Hawaiian Salmon Poke

Try this Hawaiian Salmon Poke recipe, or contribute your own.

Hawaiian Salmon Poke
Hawaiian Salmon Poke

Try this Hawaiian Salmon Poke recipe, or contribute your own.

  • Preparing Time: 45 minutes
  • Total Time: 45 minutes
  • Served Person: 4
  • Carbohydrate 1.45879162737284 g
  • Cholesterol 0 mg
  • Fat 0.0250345925192479 g
  • Fiber 0.334420738953182 g
  • Protein 0.227788443804403 g
  • Saturated Fat 0.00711556295195899 g
  • Serving Size 1 1 -6 (130g)
  • Sodium 1.41528147544016 mg
  • Sugar 1.12437088841966 g
  • Trans Fat 0.00738037775546327 g
  • Calories 6 calories

Step-by-step

  • Combine all ingredients together in a bowl.
  • Toss to coat well.
  • Cover tightly and chill for at least 1 hour.
  • Serve cold.
  • Serve with white rice, or make into hand rolls.
  • If making hand rolls, simply cut a nori sheet in half, fill with desired amount of rice and salmon poke, and roll it up.
  • Eat rolls immediately.

My Go-To Hawaiian Salmon Poke: A Quick and Refreshing Meal

As a busy working mom, finding time to cook delicious and healthy meals can be a real challenge. Weeknights are often a whirlwind of homework, soccer practice, and the general chaos of family life. That's why I've come to rely on quick and easy recipes that don't compromise on flavor or nutrition. This Hawaiian Salmon Poke recipe is my absolute go-to. It's vibrant, refreshing, and surprisingly simple to make, even on the busiest of days. The preparation time is minimal, and the flavors are so bold and satisfying that it feels like a luxurious meal, even though it’s ready in under 30 minutes!

The beauty of this recipe lies in its versatility. You can adjust the spice level to your preference with the red pepper flakes – a little goes a long way! I often add extra cilantro for a pop of freshness, and the optional avocado adds a creamy richness that balances the salty soy sauce and the zing of the lime. I love serving it over white rice for a hearty meal, but sometimes, when I'm feeling particularly adventurous (or short on time!), I’ll make hand rolls. The nori adds a delightful salty crunch, and the process of assembling them is strangely meditative. It’s the perfect way to involve the kids in meal prep, turning a simple weeknight dinner into a fun family activity. The kids love the hand rolls – it's a fun way to eat!

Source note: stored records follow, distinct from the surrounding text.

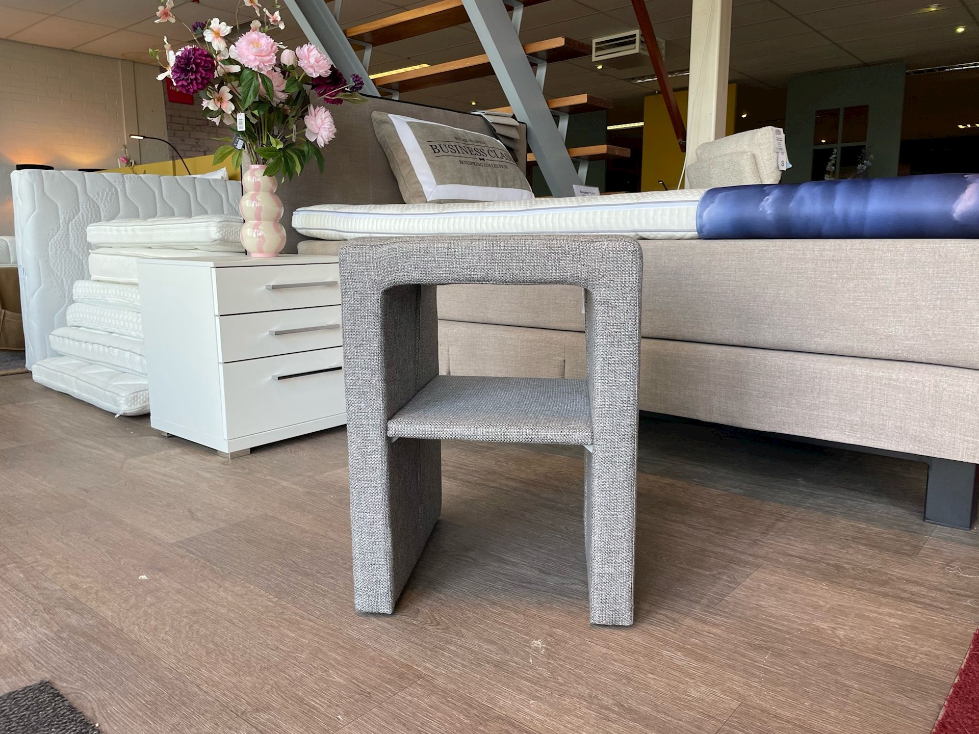 Dit is een mooie gestoffeerde hocker die mooi gebruikt kan worden als nachtkastje. Hij kost maar €118,-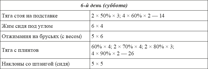 Чтобы не быть голословным, приведу пример одной тренировочной недели по плану Шейко (подходы × вес × повторения, если количество подходов не указано – оно по умолчанию равно одному). Эти нагрузки предлагается назначать атлетам уровня КМС-МС.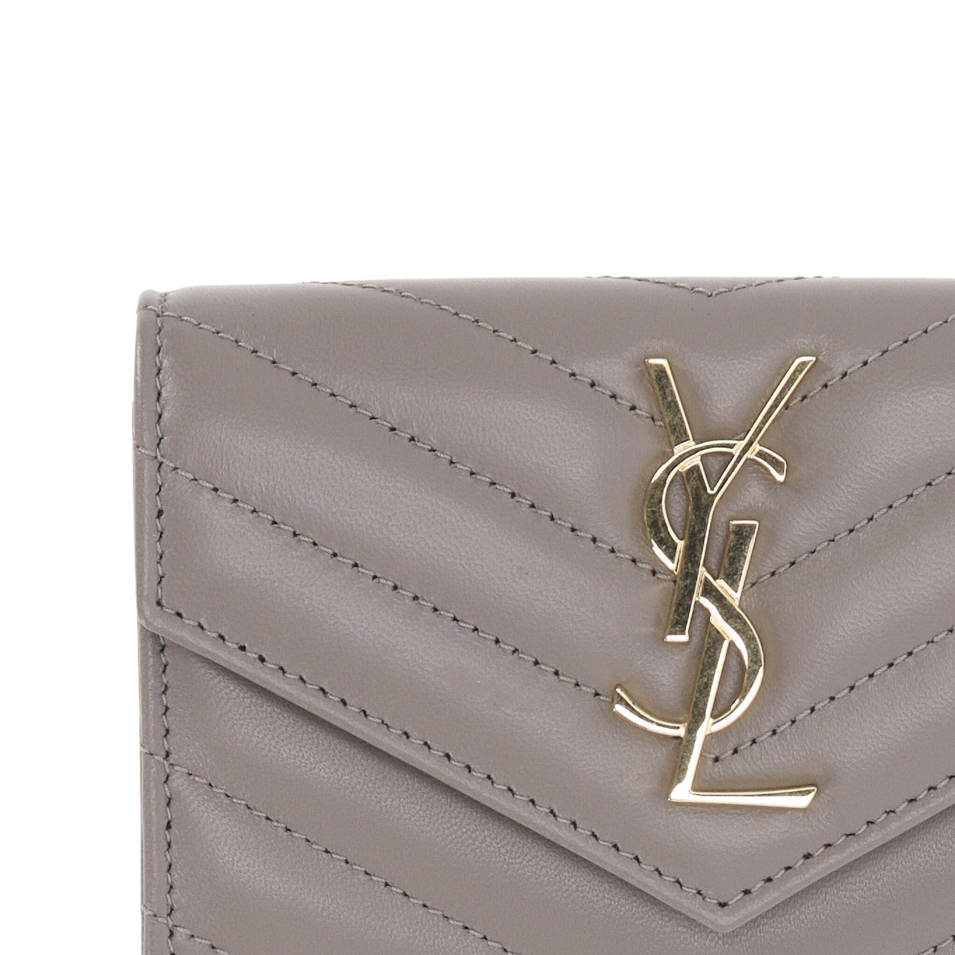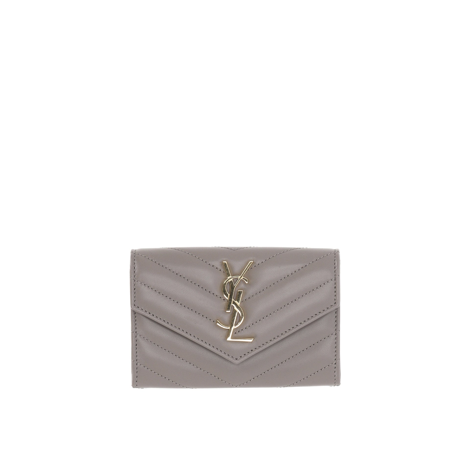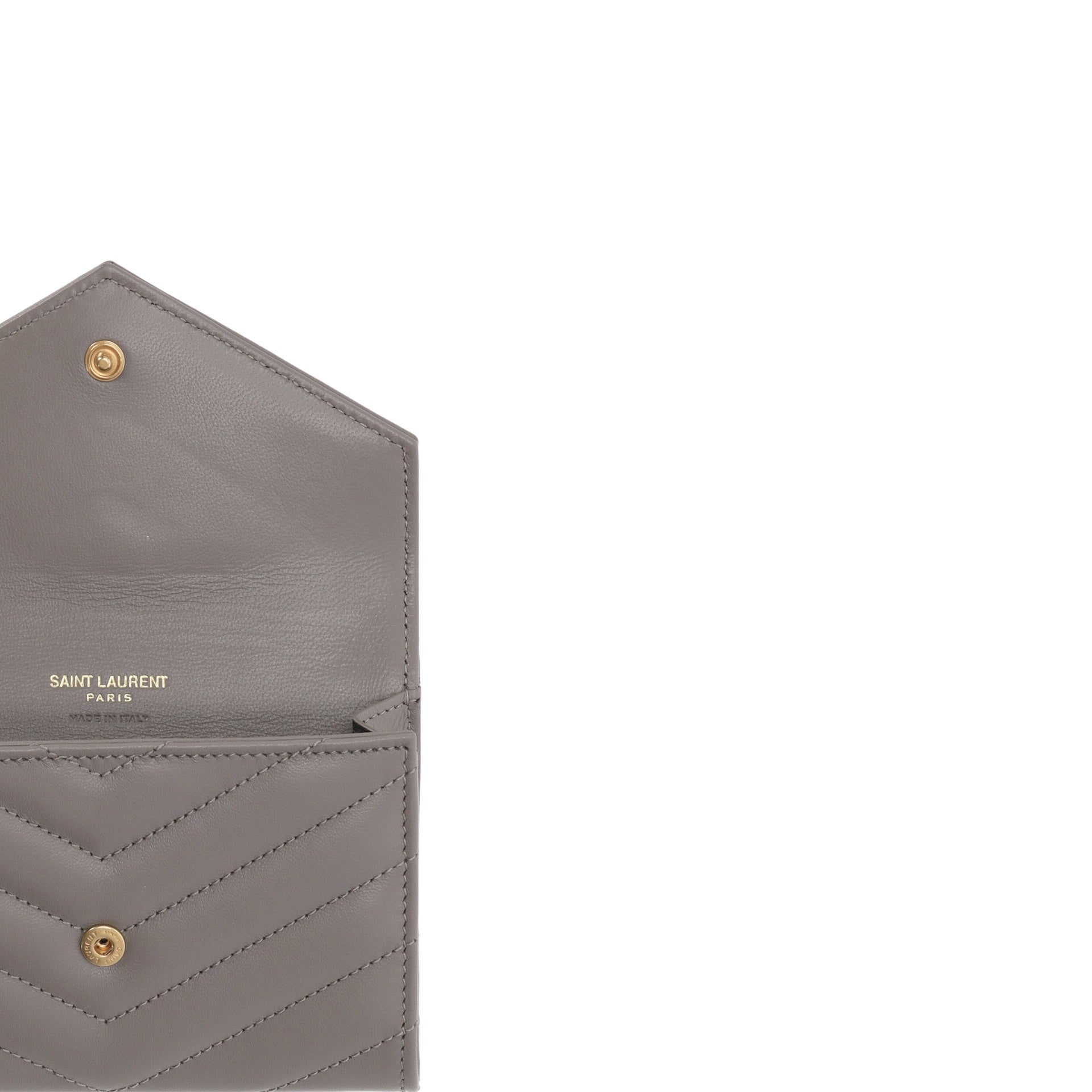 - Composizione: 100% in pelle di agnello - Effetto matelassé - lunghezza 13 cm - altezza 8 cm - larghezza 2,5 cm - imbottitura Chevron - Placca distintiva del logo YSL - lembo nella parte superiore con chiusura magnetica - Compartimento singolo - tasche del soffietto interno - Made in Italia -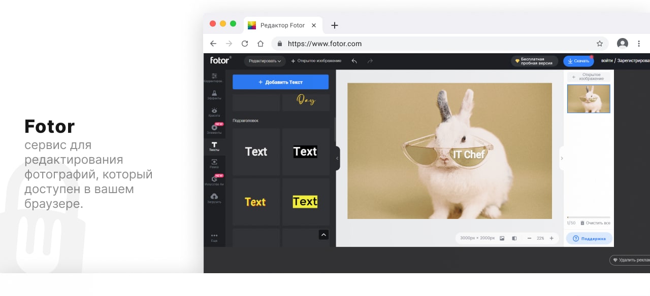 Fotor — сервис для редактирования фотографий, который доступен прямо в браузере. С помощью сервиса можно обрезать изображения, менять их размер, добавлять текст к фотографиям, а также легко создавать фотоколлажи и графические дизайны.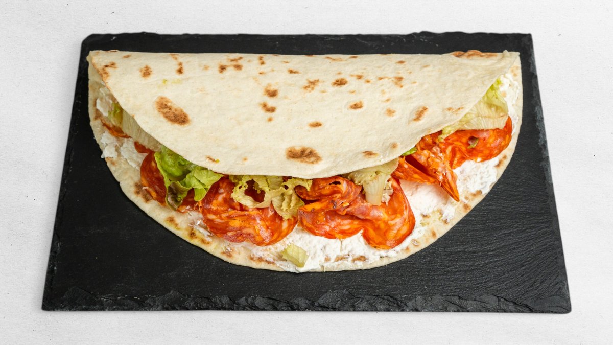 stracciatella, pikantná saláma ventricina, tabasco, šalát / 1,7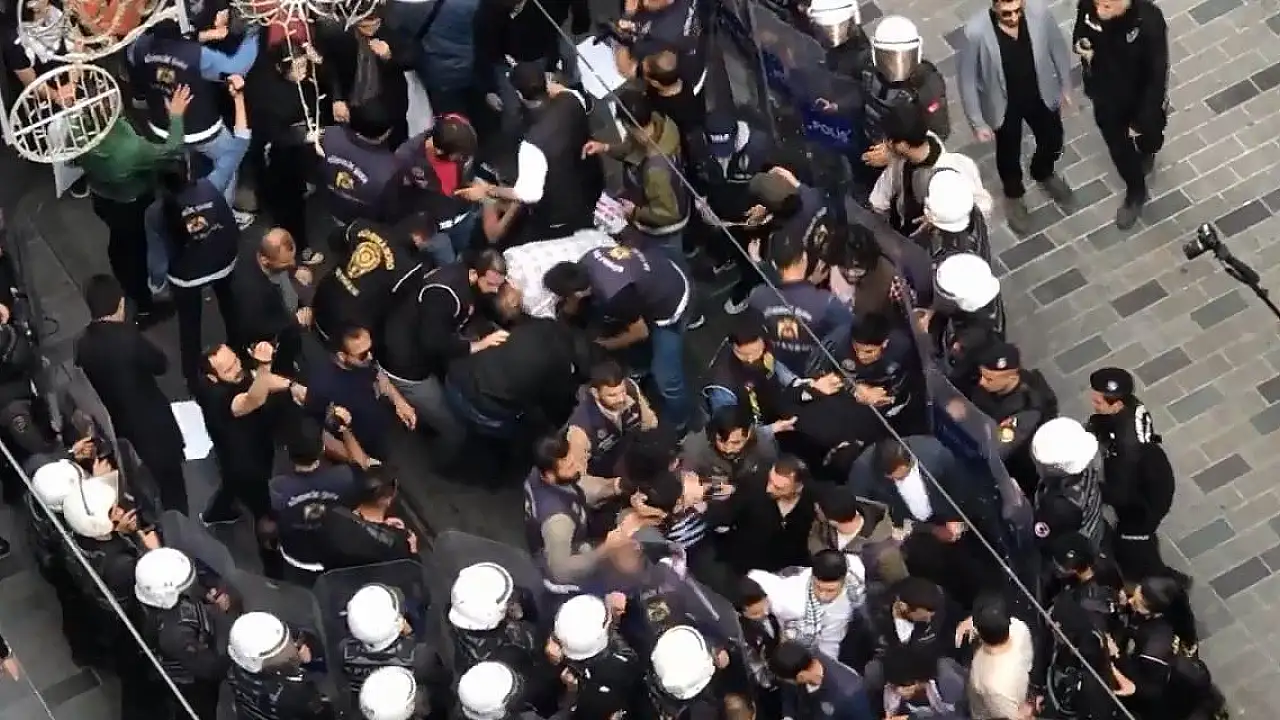 Bakan Yerlikaya, paylaşımında, "Bugün saat 15.30’da İstanbul Beyoğlu’nda Filistinli kardeşlerimize zulmeden, soykırıma varan katliamlarda bulunan İsrail’le ilgili protesto gösterisi yapılmıştır. Protesto gösterisi bittikten sonra göstericiler dağılmış ancak bir grup tüm uyarılara rağmen dağılmamış; devlet büyüklerine hakaret ederek güvenlik güçlerine mukavemet etmiştir. Olayla ilgili 43 şahıs yakalanmış, 38’i kimlik kontrolü yapılarak serbest bırakılmış, 5 şahsın ise ifadeleri alınarak adli işlem yapılmıştır. Ayrıca olay ile ilgili 2 emniyet görevlisi açığa alınmış ve derhal mülkiye müfettişi görevlendirilmiştir. Konuyla ilgili gelişmeler kamuoyu ile paylaşılacaktır" ifadelerine yer verdi.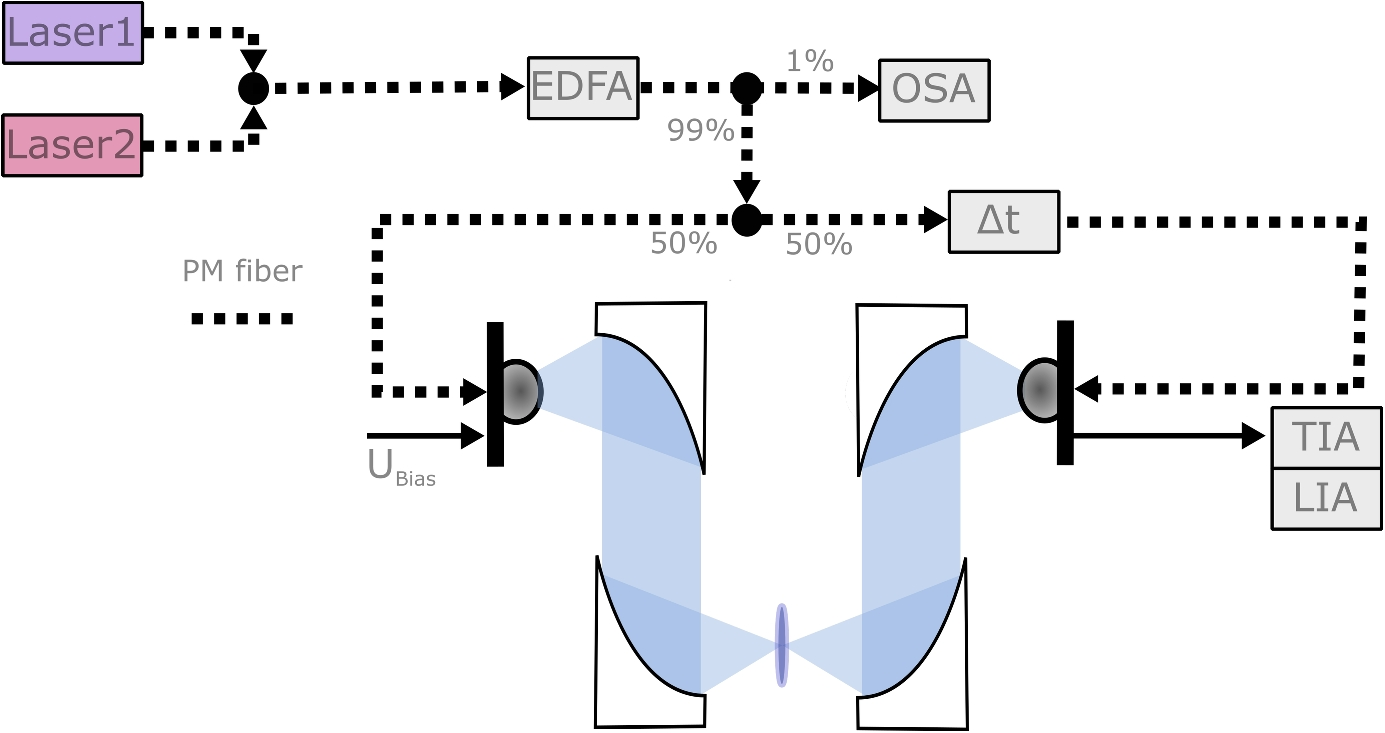 THz measurements were performed using a CW THz system based on optical heterodyning. Two near-infrared lasers with slightly offset wavelengths generate a tunable difference frequency in the THz range. The resulting beat signal is amplified using an Erbium-Doped Fiber Amplifier (EDFA) and then split into two arms (see Fig. 3).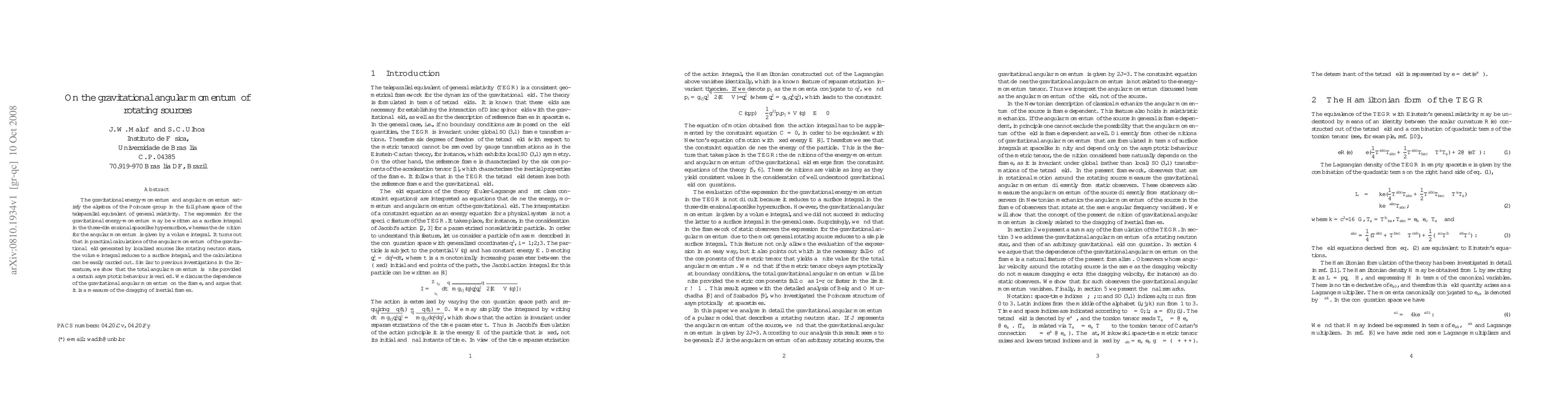 This paper investigates the gravitational angular momentum in the context of the teleparallel equivalent of general relativity, demonstrating that its calculation simplifies to a surface integral for localized rotating sources. It concludes that the total angular momentum is finite under specific asymptotic conditions and highlights its role in measuring inertial frame dragging.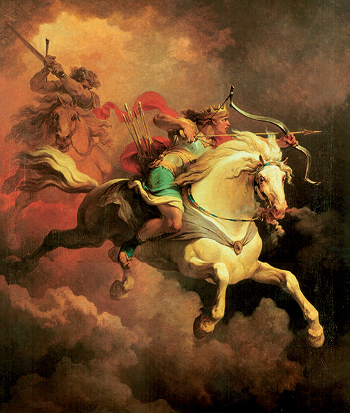 菲利普·雅克(菲利普·詹姆斯)德·盧戴爾伯格(1740-1812) 創(chuàng)作于 1789,木材油畫(huà) 122.2*99.1cm 目前收藏于倫敦泰特美術(shù)館 盧戴爾伯格所描繪的世界末日有種純粹的美麗,會(huì)使人們感覺(jué)好似得到了上天的寬恕。所以雖說(shuō)是世界末日,但卻并沒(méi)有觸發(fā)人們對(duì)世界末日來(lái)臨的恐懼感。這是位個(gè)性張揚(yáng)的藝術(shù)家、浪漫主義的先行者,并且熱衷于研究宗教、希伯來(lái)神話(huà)、秘術(shù)和信仰療法等。他被戲劇性的主題以及神秘的自然現(xiàn)象所吸引,其浪漫主義的配色結(jié)合了大量古典主義畫(huà)家的特點(diǎn)。 這是盧戴爾伯格為托馬斯· 麥克林創(chuàng)作的 22 幅《圣經(jīng)》插圖之一。盧戴爾伯格塑造這匹白馬時(shí)使用了不同尋常的配色模式——馬嘴和眼周肌膚都為粉紅色。這種擁有粉紅色皮膚和藍(lán)寶石般的眼睛的馬是一種比較少見(jiàn)的 Cremello( 克萊馬洛馬 )。馬的毛色呈奶油色,這是兩種奶油色基因與異色 / 淡異色基因雜交的結(jié)果。 圖上健碩有力的白馬載著《啟示錄》第一騎士“征服”,而從他身后沖出的那匹火紅色馬是第二騎士所代表的“戰(zhàn)爭(zhēng)”。與傳統(tǒng)表現(xiàn)這些人物的方式不同的是,這張圖上的騎士們看起來(lái)更加讓人戰(zhàn)栗不安。圣喬治的傳奇故事早已傳遍整個(gè)歐亞大陸,并且還在一代代地傳揚(yáng)下去。他被視為所有俠義英雄的化身——“金甲騎士”的原型。有趣的是,他的經(jīng)歷和畫(huà)作都很像希臘傳說(shuō)中的英雄柏勒羅豐,柏勒羅豐被天馬座背后殺人不眨眼的怪獸奇美拉殺死;又好像是英仙座的珀?duì)栃匏?,他殺死了戈?duì)栘暋っ蓝派⑶译S后從海怪那里搭救了仙女座。這些描述英雄生死搏斗的傳說(shuō)可以追溯到弗里吉亞的騎士天神薩巴茲烏斯那里,他曾與兇惡的大蛇進(jìn)行搏斗。 |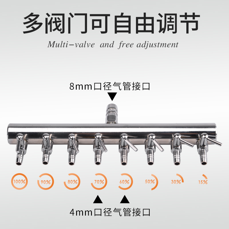 Fish tank oxygen pump diverter 10% 2 stainless steel tracheostomate oxygenated pump windpipe three-way air pressure regulating valve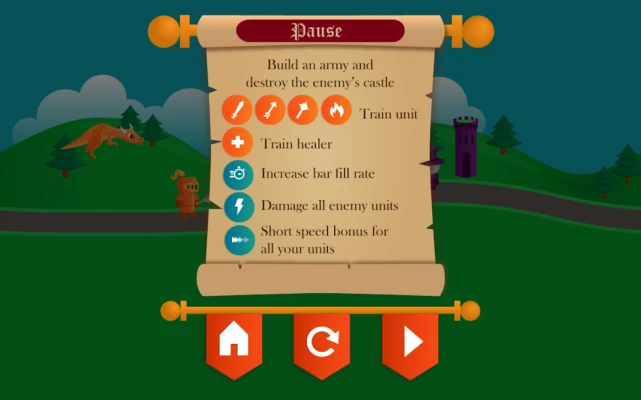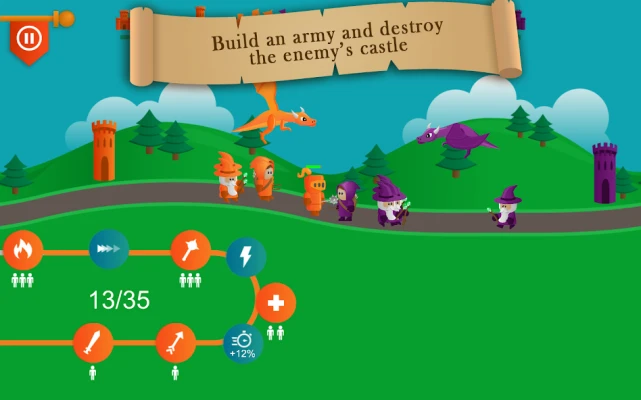 Create an army of swordsmen, archers, mages, knights and dragons to destroy your enemy.

Beyond its convenience, this Hawaiian Salmon Poke is packed with nutrients. The salmon provides a healthy dose of protein and omega-3 fatty acids, which are essential for brain health and heart health. The ginger adds a subtle warmth and a wealth of anti-inflammatory benefits. And let's not forget the vibrant vegetables! The onion, scallions, and cilantro add a freshness that cuts through the richness of the salmon and soy sauce. It's a meal that nourishes both body and soul – and that’s what matters most to me as a working mother. Whether it's a quick weeknight dinner or a special occasion meal, this Hawaiian Salmon Poke always delivers.

Tips and Variations:

  • For a spicier poke: Add more red pepper flakes, or use a spicier chili sauce.
  • For a sweeter poke: Add a bit more white sugar or use a sweeter soy sauce.
  • Make it vegetarian: Substitute the salmon with cooked tofu or chickpeas for a vegetarian version.
  • Add more veggies: Feel free to add other vegetables like cucumber, edamame, or shredded carrots.
  • Get creative with the toppings: Sesame seeds, toasted macadamia nuts, or even a drizzle of sriracha mayonnaise can add extra flavor and texture.

This Hawaiian Salmon Poke recipe is more than just a meal; it's a testament to the power of simple ingredients and mindful preparation. It’s a dish that brings joy to my family and allows me to nourish my loved ones without sacrificing time or effort. And in the busy life of a working mom, that's something truly special.